Deux chars d’assaut de l’armée israélienne franchissent la porte pratiquée dans une épaisse barrière et s’aventurent sur une piste de terre qui serpente dans des collines aux tons pastel. Les habitants de Majdal Shams, bourg druze situé dans le nord du plateau du Golan, occupé par l’armée israélienne depuis 1967, regardent le spectacle, l’air médusé. « On n’a pas vu les forces israéliennes opérer là-bas depuis 1973 et la guerre du Kippour », lâche Wassim Safadi, un journaliste local.
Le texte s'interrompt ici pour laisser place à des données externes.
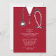 A graduação de uma escola de enfermagem criativa convida a apresentar os esfregões vermelhos e um estetoscópio. Edite texto para criar um convite de festas ou anúncio de formando escolar de enfermagem.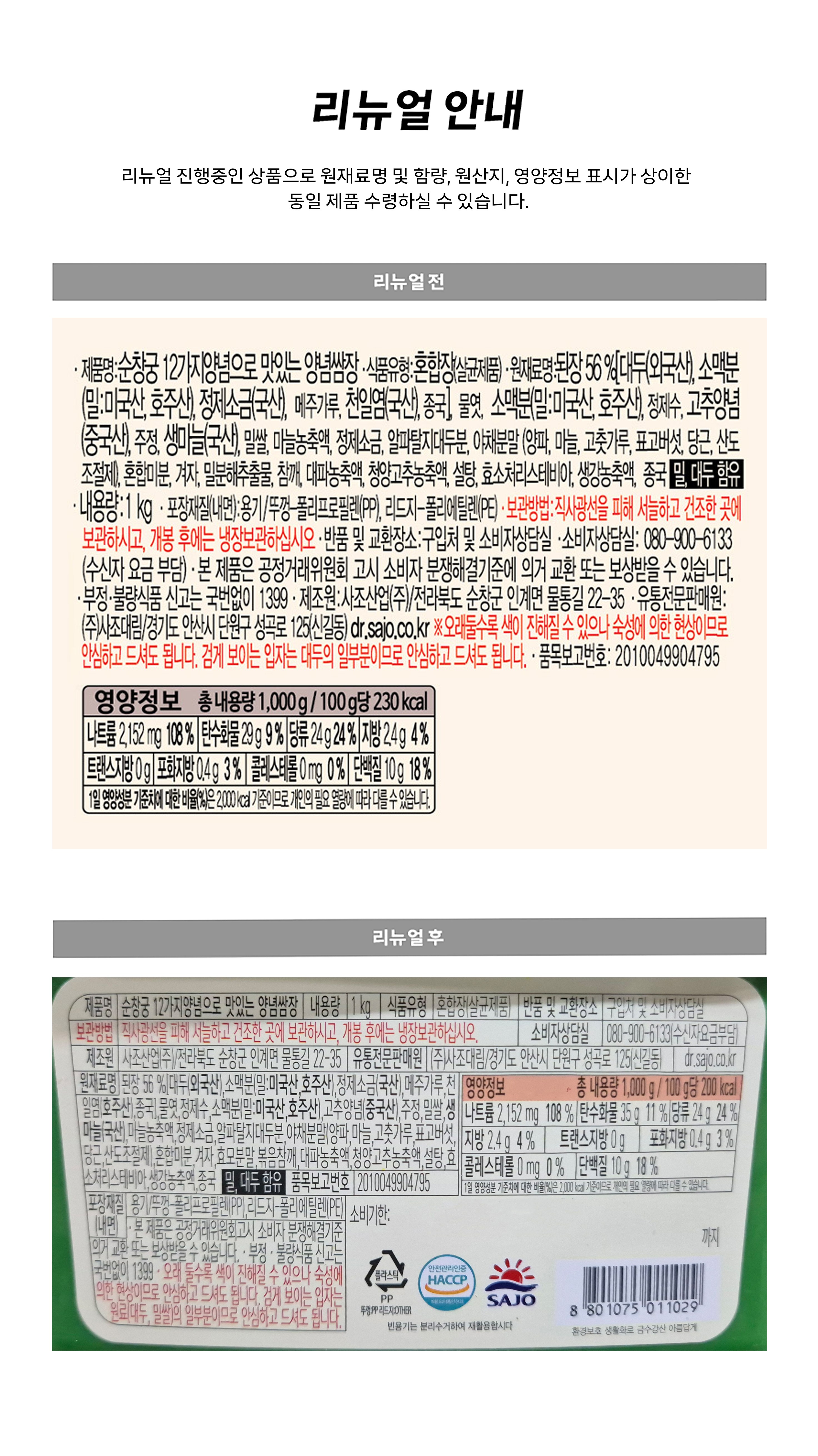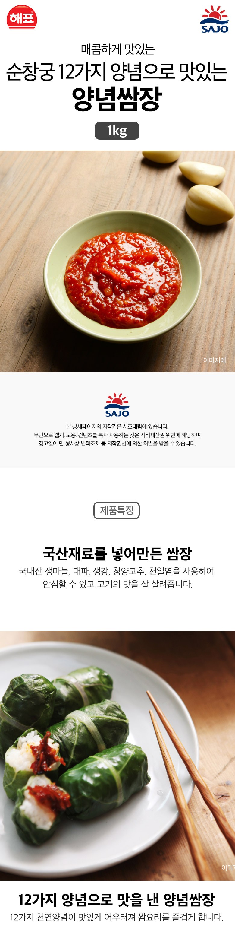 | 제품명 | 순창궁 12가지양념으로 맛있는 양념쌈장 | 식품의 유형 | 혼합장(살균제품) |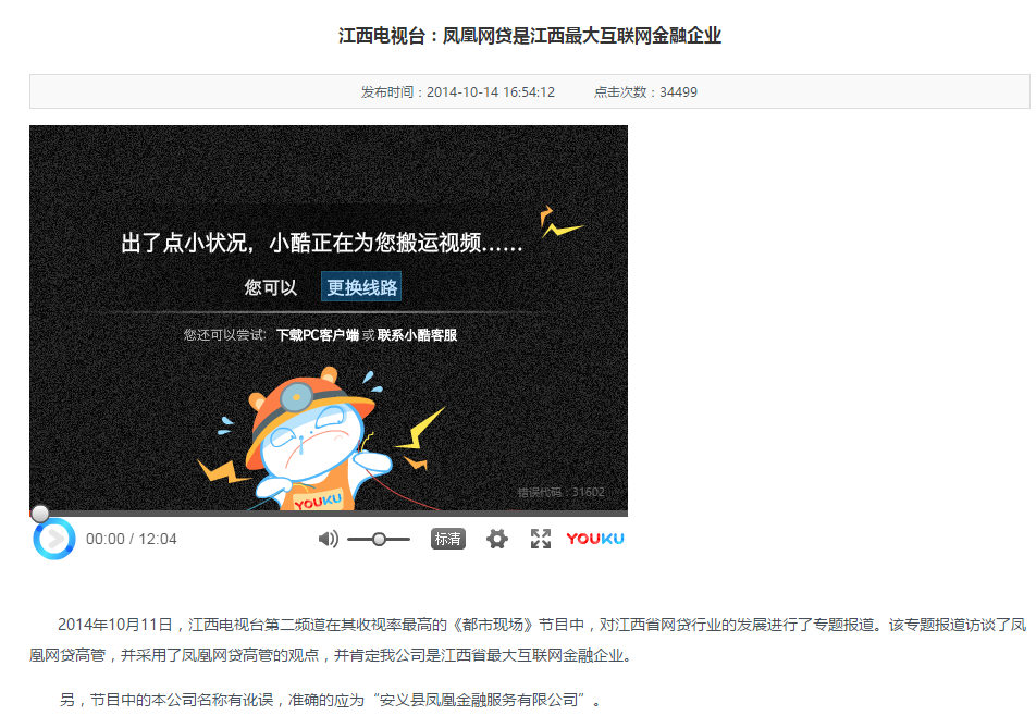 还声称节目中的本公司名称有讹误,准确的应为“安义县凤凰金融服务有限公司”。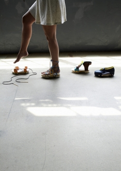 Deze schoen heeft een zool voor alle seizoenen; gemaakt van hout en kunststof, het biedt een solide basis voor elke outfit. Het bovenste deel is aanpasbaar naar smaak - een combinatie van touwen en leer in verschillende kleuren – en wordt met gekleurde metalen schroeven bevestigd. Er zijn zachte pastelkleuren voor de lente en de warme tinten van bordeauxrood en mosgroen voor de herfst. "Deze schoenen zijn perfect voor praktische vrouwen," zegt Noesha Hu. "Ze kunnen de schoenen aanpassen zonder elk seizoen een nieuw paar te kopen."
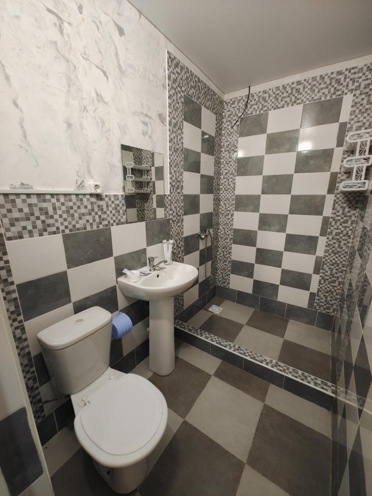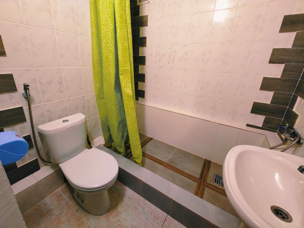 Оснащение номера: 2х спальная кровать, санузел, душ, ТВ, холодильник, кондиционер, мини-кухня(набор посуды, микроволновка, мульмиварка/эл.печь), летняя мебель и лежаки для загара.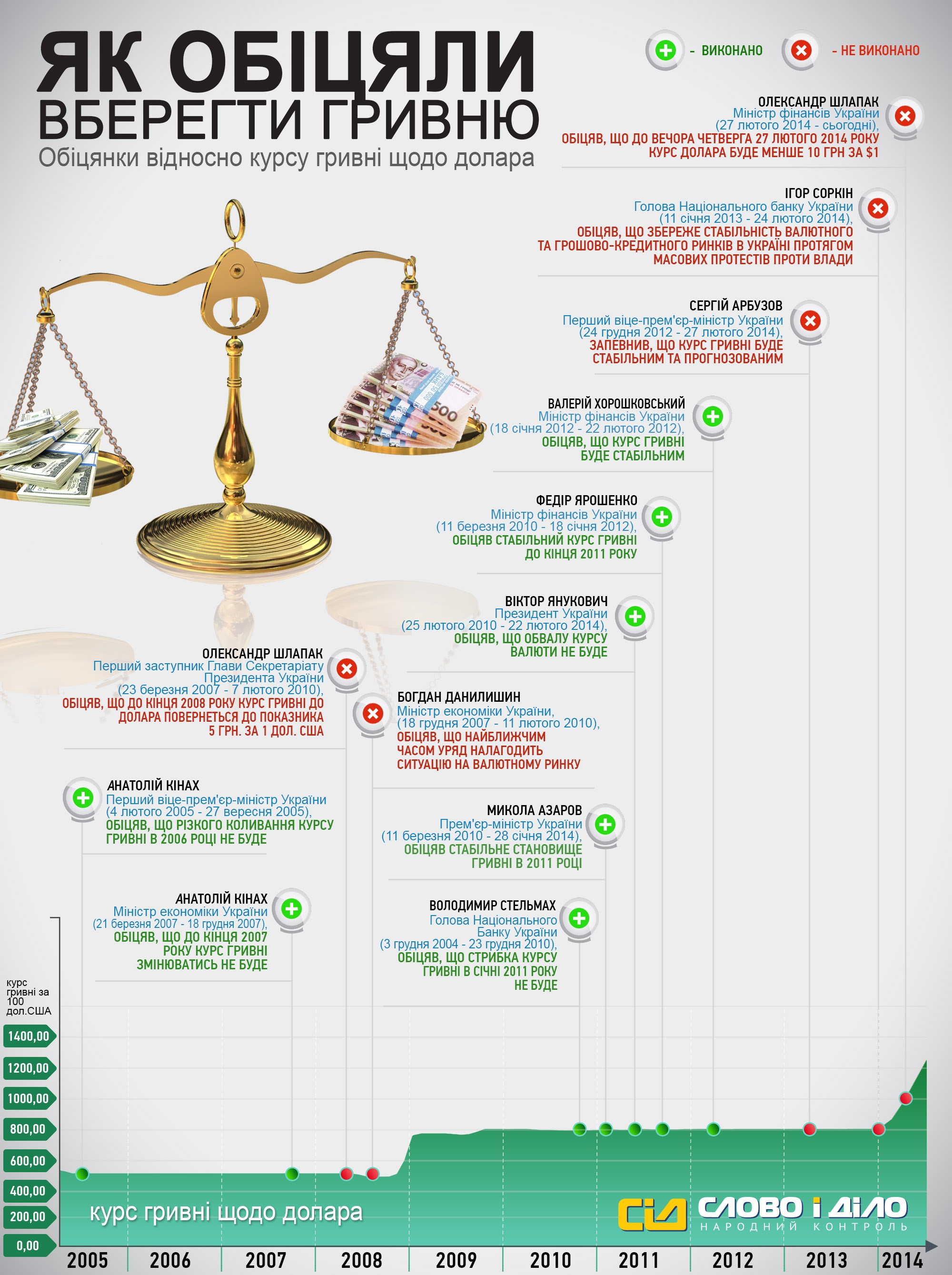 Станом на 15 квітня в системі «Слово і Діло» зафіксовано 35 обіцянок, які стосуються курсу національної валюти. Майже всі обіцянки, які свого часу заявляли тодішні міністри економіки та фінансів, прем’єр-міністри та президент, були висловлені в оптимістичному тоні. Усі політики заявляли, що обвалу гривні в найближчий час не буде. Проте не всім їхнім заявам судилося стати правдою.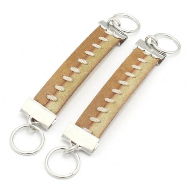 マロン×ベージュ革レザー・センターステッチのカフスチャーム(カフスチェーン)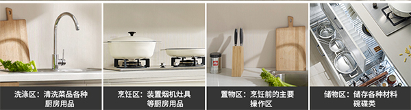收納區(qū)、烹飪區(qū)、洗滌區(qū)、儲(chǔ)物區(qū)、置物區(qū)等,我們經(jīng)常能聽到櫥柜的黃金三角區(qū),也正是存在于洗滌區(qū)、烹飪區(qū)、儲(chǔ)物區(qū)之間,可日常操作減少60%往返路程和27%的操作時(shí)間,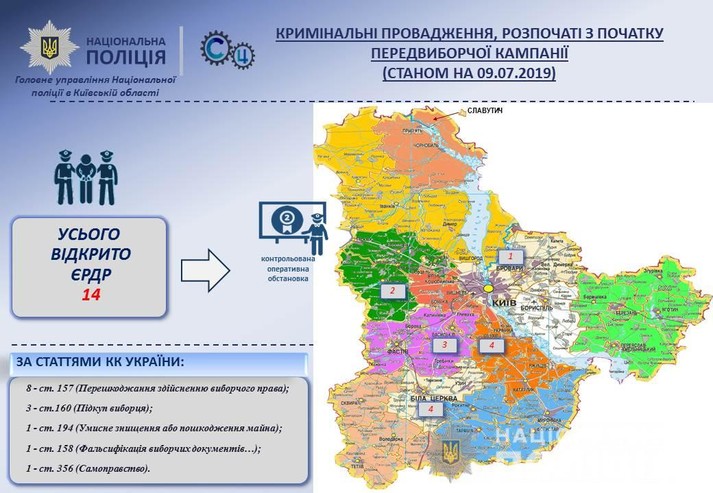 З початку передвиборчої кампанії поліція Київської області відкрила 14 кримінальних проваджень
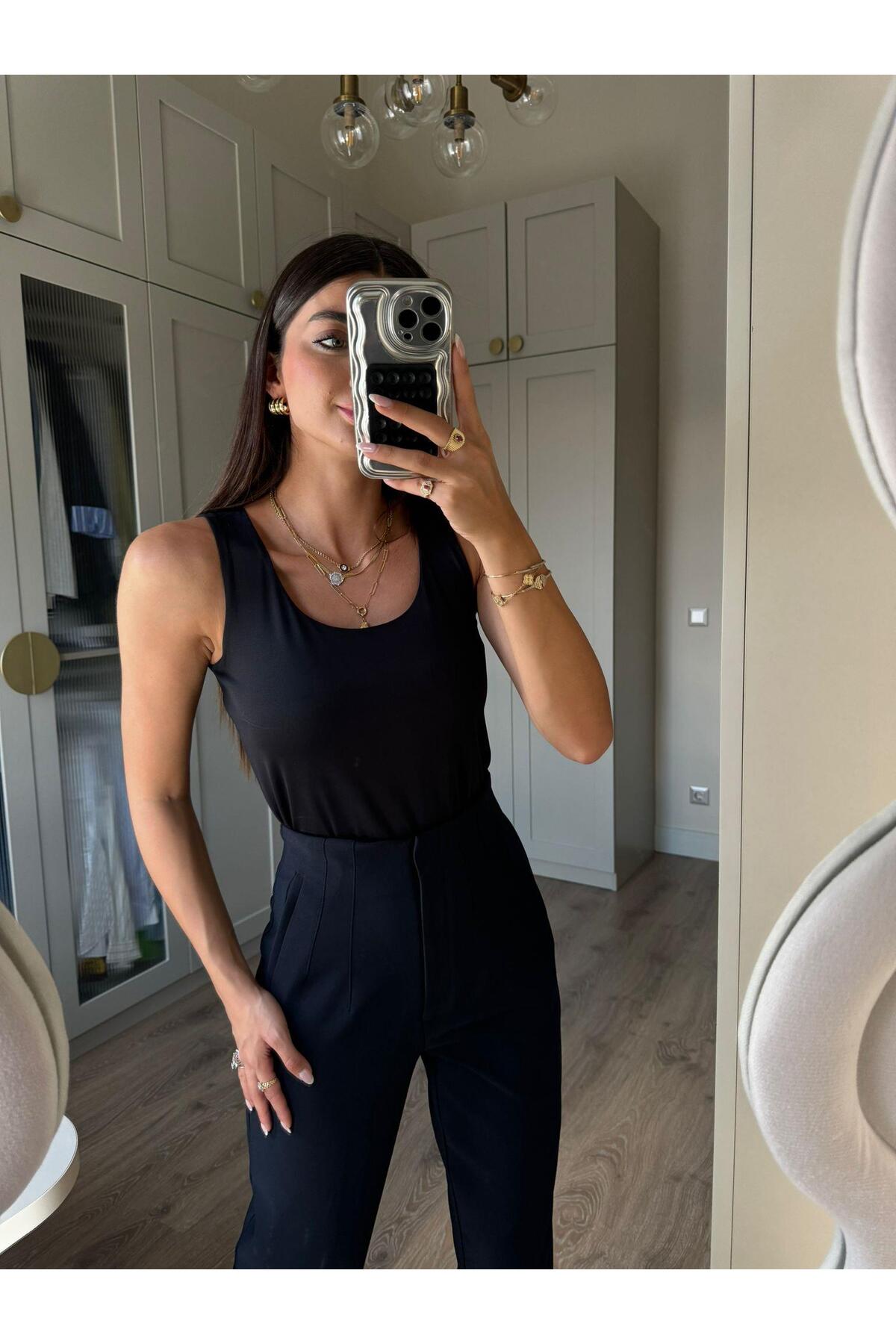 ميزات بلوزة أساسية بأكمام صفر سوداء من Bade Butik

« Là-bas », c’est la zone de séparation entre la partie contrôlée par l’Etat hébreu et la Syrie, mise en place en 1974, et où sont déployés un millier de soldats appartenant à la Force des Nations unies chargée d’observer le désengagement (Fnuod). Avant même la fuite de Bachar Al-Assad et l’effondrement du régime syrien, dimanche 8 décembre, les troupes israéliennes ont franchi, samedi, la ligne de démarcation, délimitée par une barrière. Le mouvement s’est poursuivi dimanche matin, quand les forces de sécurité syriennes se sont évanouies.
Rowaida Hamad, mère de famille druze, née à Damas, et mariée à l’un de ses coreligionnaires de Majdal Shams, est venue sur le terre-plein dit des « porte-voix », en contrebas de la ville. C’est de cet endroit que les familles de cette minorité confessionnelle, répartie entre la Syrie, le Liban et Israël, échangent par-delà la barrière de séparation avec leurs proches vivant de l’autre côté. Elles sont nombreuses mercredi 11 décembre dans l’après-midi, inquiètes d’avoir des nouvelles.
« Accord caduc »
Une partie de la famille de Rowaida vit à Hadar, village druze en territoire syrien, situé juste à
la lisière de la zone de séparation : « Ma famille était chez elle dimanche matin quand elle a appris la fuite de Bachar Al-Assad. Les services de sécurité étaient déjà partis, en abandonnant leurs armes et leurs uniformes. Puis l’armée israélienne s’est positionnée autour du village, tout en laissant un accès ouvert vers Damas. Je suis heureuse de savoir que tout va bien et que ce n’est pas le chaos. » Elle ne rêve que de prendre sa voiture et d’aller voir les siens. « Un jour peut-être », soupire-t-elle. L’unique point de passage entre la partie occupée par Israël et la Syrie est fermé depuis 2011.
A côté, Rima Safadi communique par téléphone avec son frère, qui a franchi la zone de séparation dans les années 1970 pour aller vivre côté syrien. Elle lui demande de sortir de chez lui. A un kilomètre à vol d’oiseau, une silhouette émerge d’une petite maison. « Mon chéri, mon âme, je suis tellement heureuse de te voir », dit cette femme de 49 ans, cheveux poivre et sel, débordant d’émotion, alors que les chars se déploient doucement sur les collines avoisinantes. Ils appartiennent à la 210e division, dite Bashan, chargée du front syrien.